What has been your greatest challenge?

Finding time for me and remembering to breathe deeply occasionally. Life is so amazingly complex. Sometimes things happen to you that you never thought would. Some good and some rather awful. And while you know the awful will eventually be less so, you have to keep living and not keep holding your “breath” waiting for the “air to smell sweeter”. My greatest challenges have always involved other people, as have my greatest joys.

What are you most proud of?

My children. I have a tendency to want to appease those around me, especially family and partners. But you cannot let others dictate the terms of your happiness. Many times during their early years, I wished I could slow things down a little, work less and enjoy them more.

I tend not to measure myself in terms of my personal accomplishments and whatever “success” looks like at some point in time. If there is anything to be “proud of” it is my desire to keep learning, sharing and following my heart. Being useful and contributing to the social good, however small each individual contribution is. 

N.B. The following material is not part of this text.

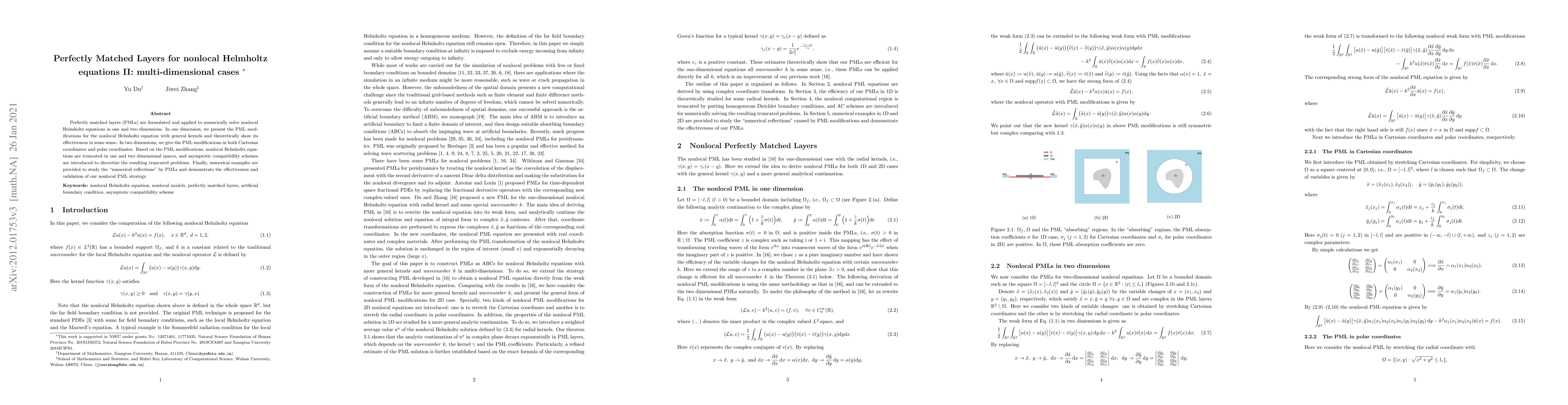 This paper formulates and applies perfectly matched layers (PMLs) to solve nonlocal Helmholtz equations in one and two dimensions, presenting modifications for both Cartesian and polar coordinates. Numerical examples validate the effectiveness of the PML strategy in mitigating "numerical reflections."

What’s one piece of advice for future female leaders?

Be sure you know what you want. Try to imagine your life in 10 or 20 years and visualise what you want that to look like. 

My advice for future leaders is the same I give to my children. Honour your potential and be the best version of yourself that you can be. I truly enjoy helping other people. While I have ended up in leadership positions or running my own businesses (often out of necessity), improving my abilities in the areas I am interested in has been my greatest motivation. Cultivate a curious mind.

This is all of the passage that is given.